Problem details: As the output, give exactly the lines that run from the one with "从基金规模来看,广发睿盛混合" through the end of the records below, and omit pictures.

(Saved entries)

⁂

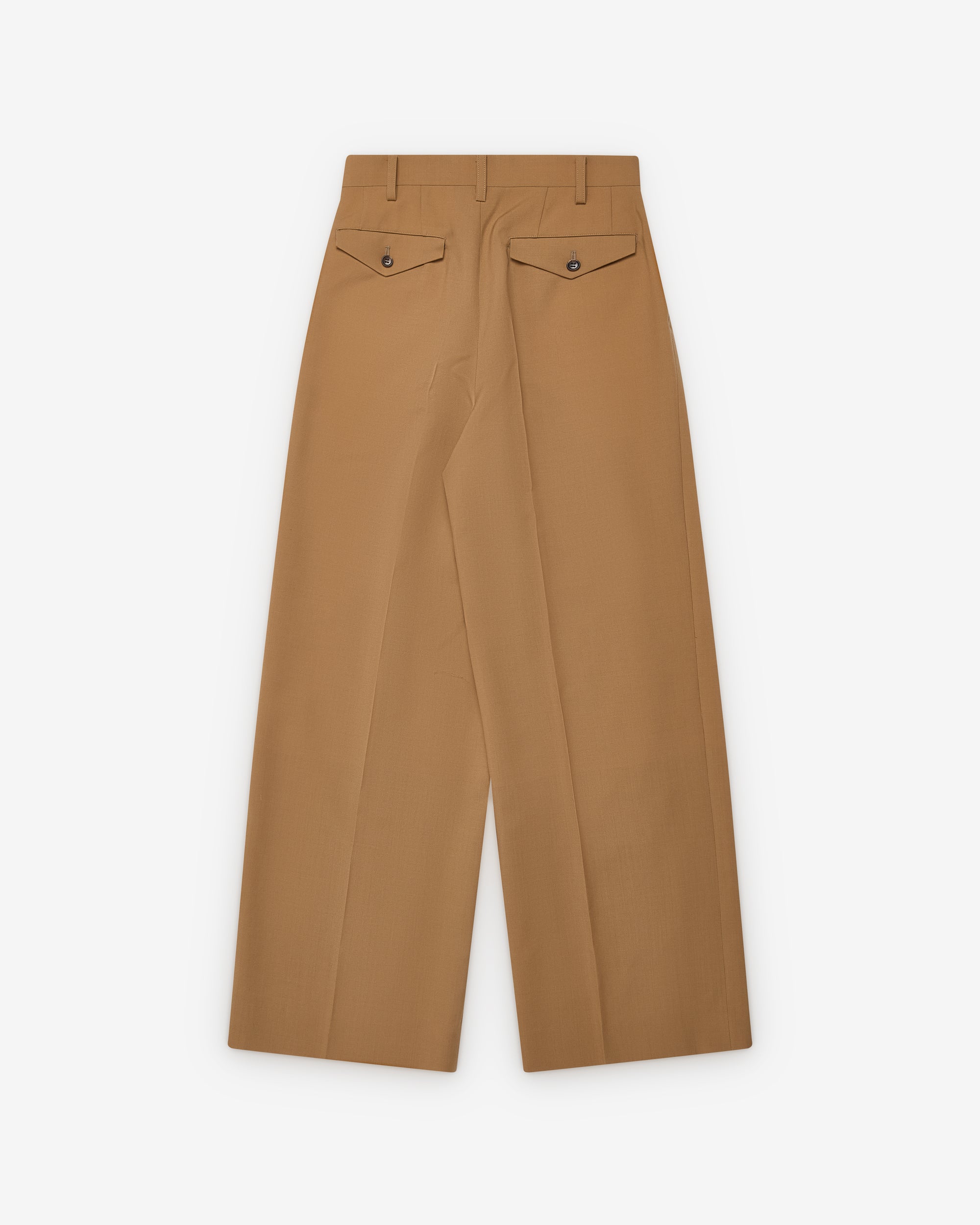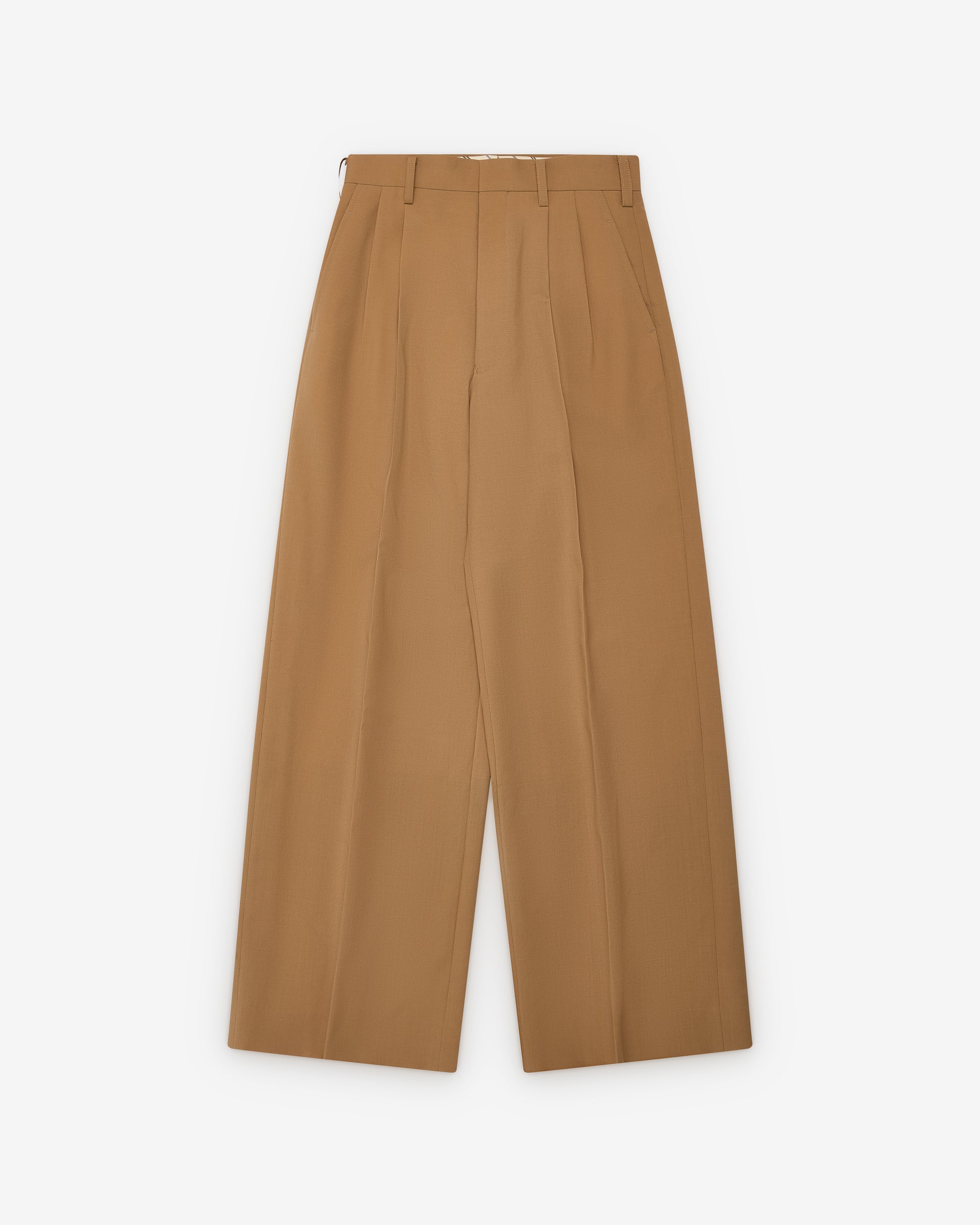 Hook and eye waist closureZip flyWide legDual pleated frontSide seam pocketsTwo back welt pockets
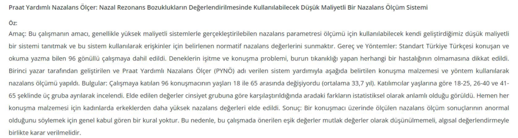 Praat Yardımlı Nazalans Ölçer: Nazal Rezonans Bozuklukların Değerlendirilmesinde Kullanılabilecek Düşük Maliyetli Bir Nazalans Ölçüm Sistemi Bu çalışmanın amacı, genellikle yüksek maliyetli sistemlerle gerçekleştirilebilen nazalans parametresi ölçümü için kullanılabilecek kendi geliştirdiğimiz düşük maliyetli bir sistemi tanıtmak ve…
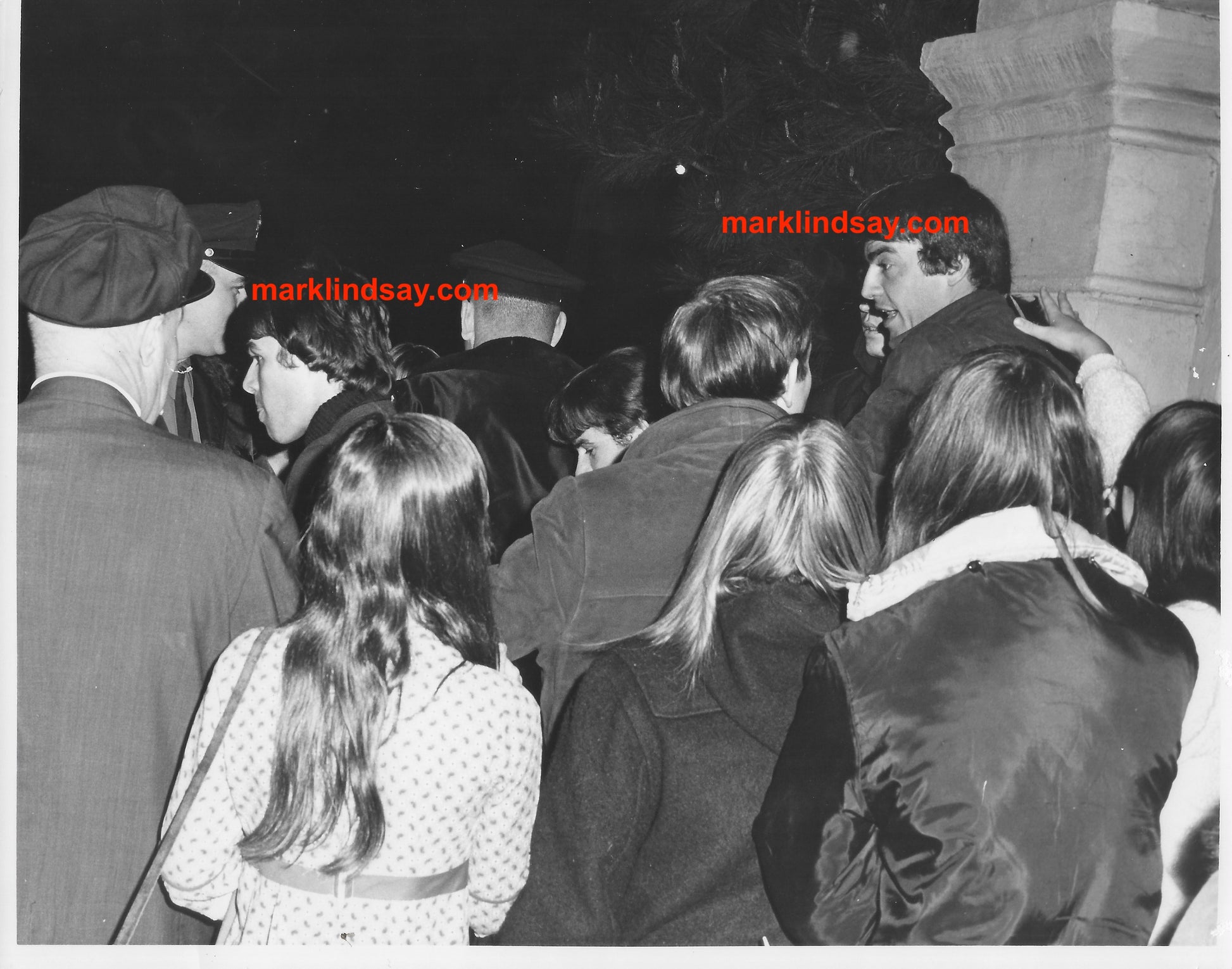 ONE ONLY - This is an ORIGINAL, vintage 1965 8"x10" photo of Mark Lindsay leaving a show in the area Cupertino, CA (Phil Volk to his far left), where a girl is trying to grab his ponytail. This has the photographer's stamp on the back (see photo below). Mark has had it in his collection since that date.
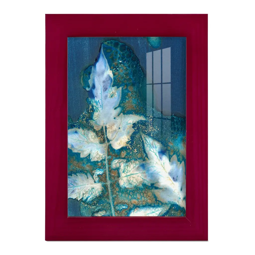 Cyanotype Leaves II -EZ SWITCH Framed Print w/glass-Cherry Red A delightful, framed print. Featuring a solid wood frame with real wood glass. This premium print is giclee quality. In addition, every frame features a removable back and table top stand. This allows you to change your art in the future or to just stand the art on a table for a new look. We are sure you'll enjoy our new series of EZ SWITCH Framed Art. Solid Wood Frame Real Glass Removable / Replaceable Art Built in Tabletop Stand Sizes range from 4x6 up to 12x15 - buy just one or pair them up as sets as you see fit.
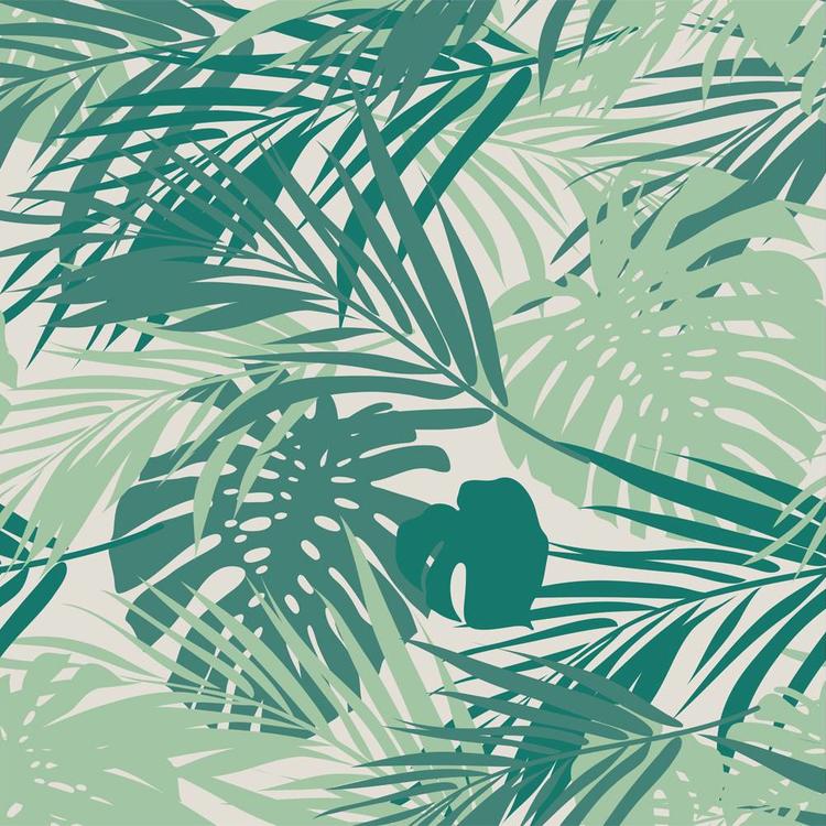Het vliesbehang van monstera en palmbladeren is vele malen sterker dan gewoon (papier) behang.
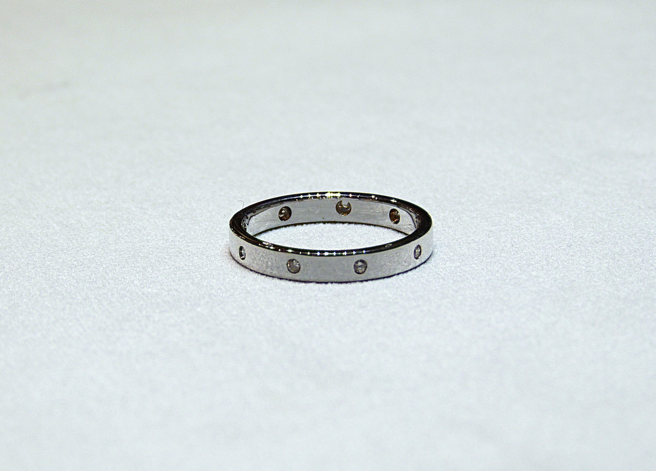 Alliance en or gris 750/1000ème ( 18 k ) sertie partiellement de diamants taille brillant pesant ensemble 0,15 carat environ.
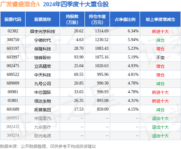 从基金规模来看,广发睿盛混合A基金2024年四季度公布的基金规模为1.9亿元,较上一期规模2.01亿元变化了-1128.3万元,环比变化了-5.61%。该基金最新一期资产配置为:股票占净值比81.03%,无债券类资产,现金占净值比10.16%。从基金持仓来看,该基金当季前十大股票仓位达50.46%,第一大重仓股为舜宇光学科技(02382),持仓占比为6.34%。
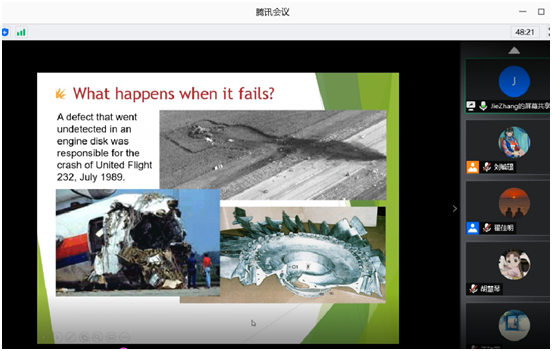 20208111314号,我院“在线暑期国际学堂”——《超声波无损检测》顺利结课。该门课程为第二年续开课程,去年开课学生们反响热烈,今年虽说线上授课,学生们热情依然不减,课后反馈良好。期待明年张老师能够继续为学生们带来如此精彩的课程。
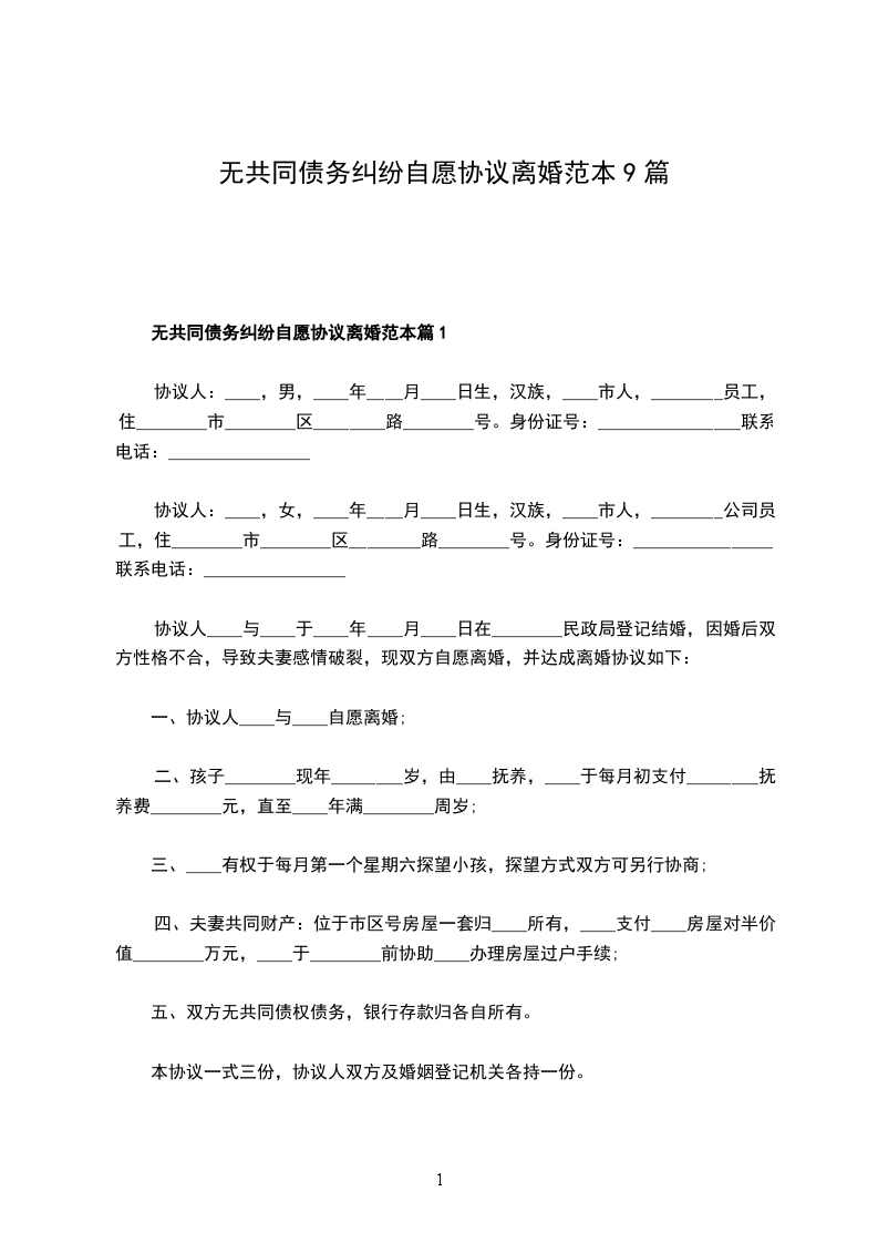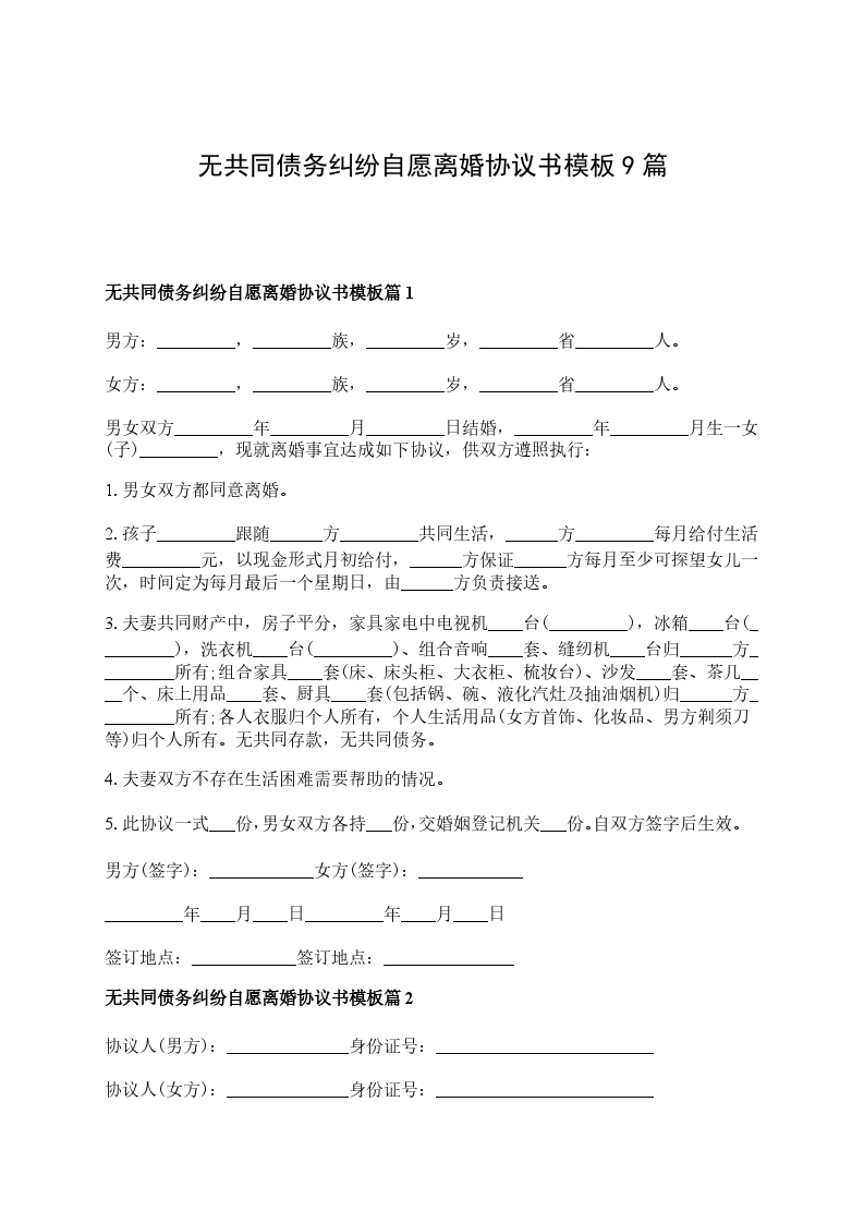 □双方确认在婚姻关系存续期间没有发生任何共同债务,任何一方如对外负有债务的,由负债方自行承担。

⁂

Result below:
 从基金规模来看,广发睿盛混合A基金2024年四季度公布的基金规模为1.9亿元,较上一期规模2.01亿元变化了-1128.3万元,环比变化了-5.61%。该基金最新一期资产配置为:股票占净值比81.03%,无债券类资产,现金占净值比10.16%。从基金持仓来看,该基金当季前十大股票仓位达50.46%,第一大重仓股为舜宇光学科技(02382),持仓占比为6.34%。
 20208111314号,我院“在线暑期国际学堂”——《超声波无损检测》顺利结课。该门课程为第二年续开课程,去年开课学生们反响热烈,今年虽说线上授课,学生们热情依然不减,课后反馈良好。期待明年张老师能够继续为学生们带来如此精彩的课程。
 □双方确认在婚姻关系存续期间没有发生任何共同债务,任何一方如对外负有债务的,由负债方自行承担。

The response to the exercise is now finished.